● **Data entries**
*** Begin section ***

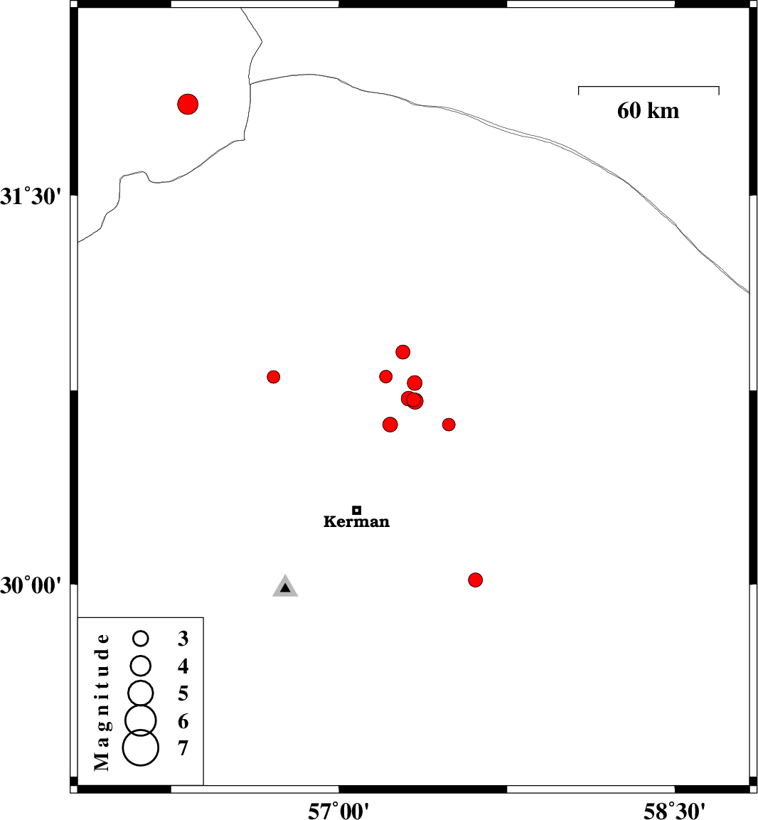 | 2019/01/28 | 13:39:16.1 | 17:09:16.1 | 30.619 | 57.491 | 14 | ML2.6 | Kerman Province, 54 km North-East of Kerman |
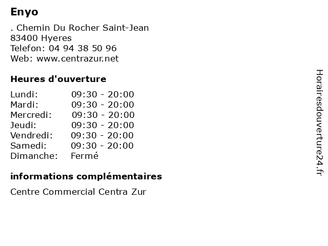 1 ENYO (Distance: 1,33 km) - Chemin du Rocher Saint-Jean, 83400 Hyères chaussures de sport, enyo, matériel de sport, sports, vetements de sport 2 5 à SEC (Distance: 0,00 km) . Chemin Du Rocher Saint-Jean, 83400 Hyeres cafe, chaussures, enfants, homme, lingerie, mode femme, restaurant, sec, service 3 Calzedonia (Distance: 0,00 km) . Chemin Du Rocher Saint-Jean, 83400 Hyeres cafe, calzedonia, chaussures, enfants, homme, lingerie, mode femme, restaurant, service 4 Christine Laura (Distance: 0,00 km) . Chemin Du Rocher Saint-Jean, 83400 Hyeres cafe, chaussures, christine, enfants, homme, laura, lingerie, mode femme, restaurant, service 5 Claire's (Distance: 0,00 km) . Chemin Du Rocher Saint-Jean, 83400 Hyeres cafe, chaussures, claire's, enfants, homme, lingerie, mode femme, restaurant, service 6 Comptoirs Casino (Distance: 0,00 km) . Chemin Du Rocher Saint-Jean, 83400 Hyeres cafe, casino, chaussures, comptoirs, enfants, homme, lingerie, mode femme, restaurant, service |
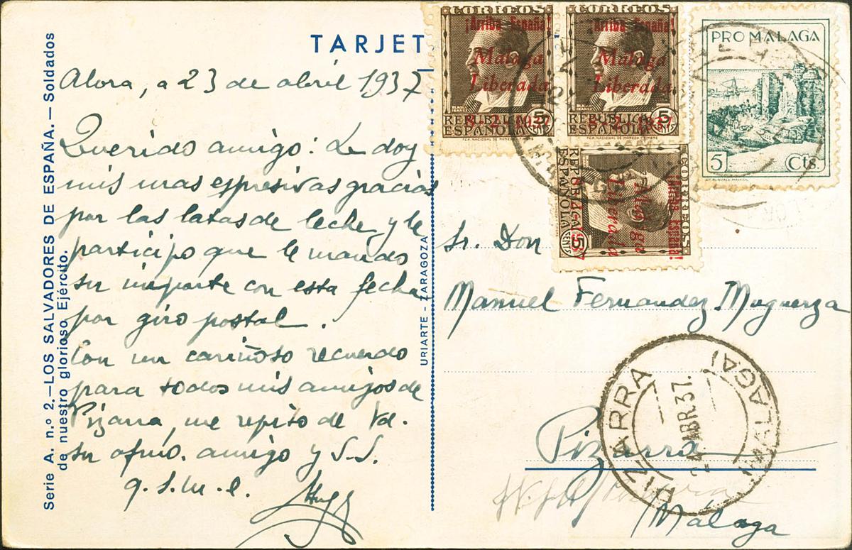 1937. 5 cts black chestnut, three seals and Beneficial 5 cts greenish blue. Illustrated Postcard of LOS SALVADORES DE ESPAÑA (Series A, Nº2) from ALORA (MALAGA) to PIZARRA (MALAGA). MAGNIFICENT AND RARE.
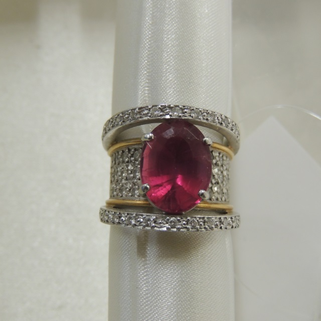 リング トルマリン ダイヤ Pt900/K18 20.40g 日米ソ 石目:6.43 0.89
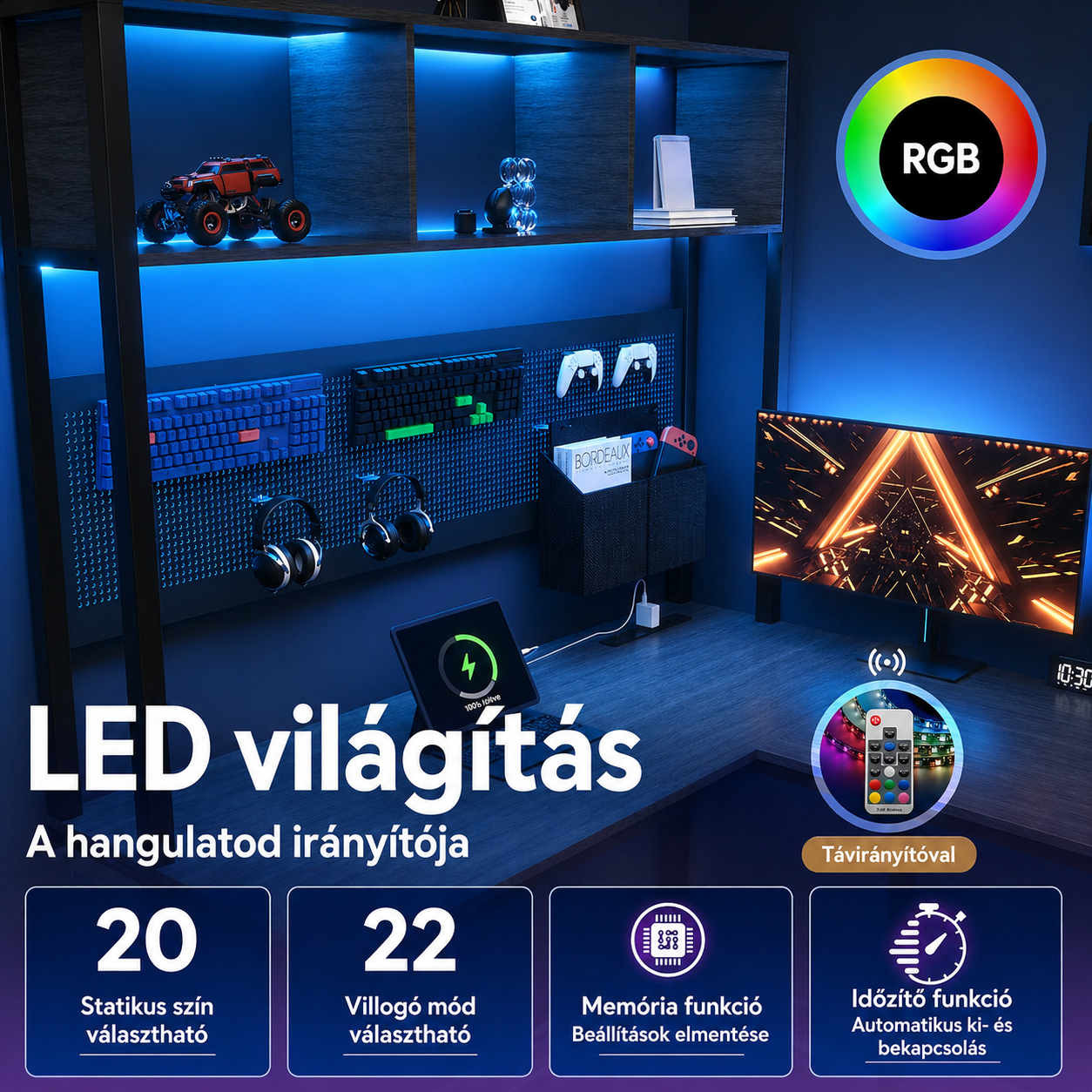 A gamer asztal RGB LED világítással rendelkezik, amelyet távirányítóval vezérelhetsz. Több mint 20 statikus szín, 22 villogó mód és demó mód közül választhatsz, emellett a fényerő is állítható. A világítás memóriával is rendelkezik, így bekapcsoláskor megőrzi az utolsó beállítást.

*** End section ***

Excluding all pictures, reproduce the records exactly as they appear above.

 | 2019/01/28 | 13:39:16.1 | 17:09:16.1 | 30.619 | 57.491 | 14 | ML2.6 | Kerman Province, 54 km North-East of Kerman |
 1 ENYO (Distance: 1,33 km) - Chemin du Rocher Saint-Jean, 83400 Hyères chaussures de sport, enyo, matériel de sport, sports, vetements de sport 2 5 à SEC (Distance: 0,00 km) . Chemin Du Rocher Saint-Jean, 83400 Hyeres cafe, chaussures, enfants, homme, lingerie, mode femme, restaurant, sec, service 3 Calzedonia (Distance: 0,00 km) . Chemin Du Rocher Saint-Jean, 83400 Hyeres cafe, calzedonia, chaussures, enfants, homme, lingerie, mode femme, restaurant, service 4 Christine Laura (Distance: 0,00 km) . Chemin Du Rocher Saint-Jean, 83400 Hyeres cafe, chaussures, christine, enfants, homme, laura, lingerie, mode femme, restaurant, service 5 Claire's (Distance: 0,00 km) . Chemin Du Rocher Saint-Jean, 83400 Hyeres cafe, chaussures, claire's, enfants, homme, lingerie, mode femme, restaurant, service 6 Comptoirs Casino (Distance: 0,00 km) . Chemin Du Rocher Saint-Jean, 83400 Hyeres cafe, casino, chaussures, comptoirs, enfants, homme, lingerie, mode femme, restaurant, service |
 1937. 5 cts black chestnut, three seals and Beneficial 5 cts greenish blue. Illustrated Postcard of LOS SALVADORES DE ESPAÑA (Series A, Nº2) from ALORA (MALAGA) to PIZARRA (MALAGA). MAGNIFICENT AND RARE.
 リング トルマリン ダイヤ Pt900/K18 20.40g 日米ソ 石目:6.43 0.89
 A gamer asztal RGB LED világítással rendelkezik, amelyet távirányítóval vezérelhetsz. Több mint 20 statikus szín, 22 villogó mód és demó mód közül választhatsz, emellett a fényerő is állítható. A világítás memóriával is rendelkezik, így bekapcsoláskor megőrzi az utolsó beállítást.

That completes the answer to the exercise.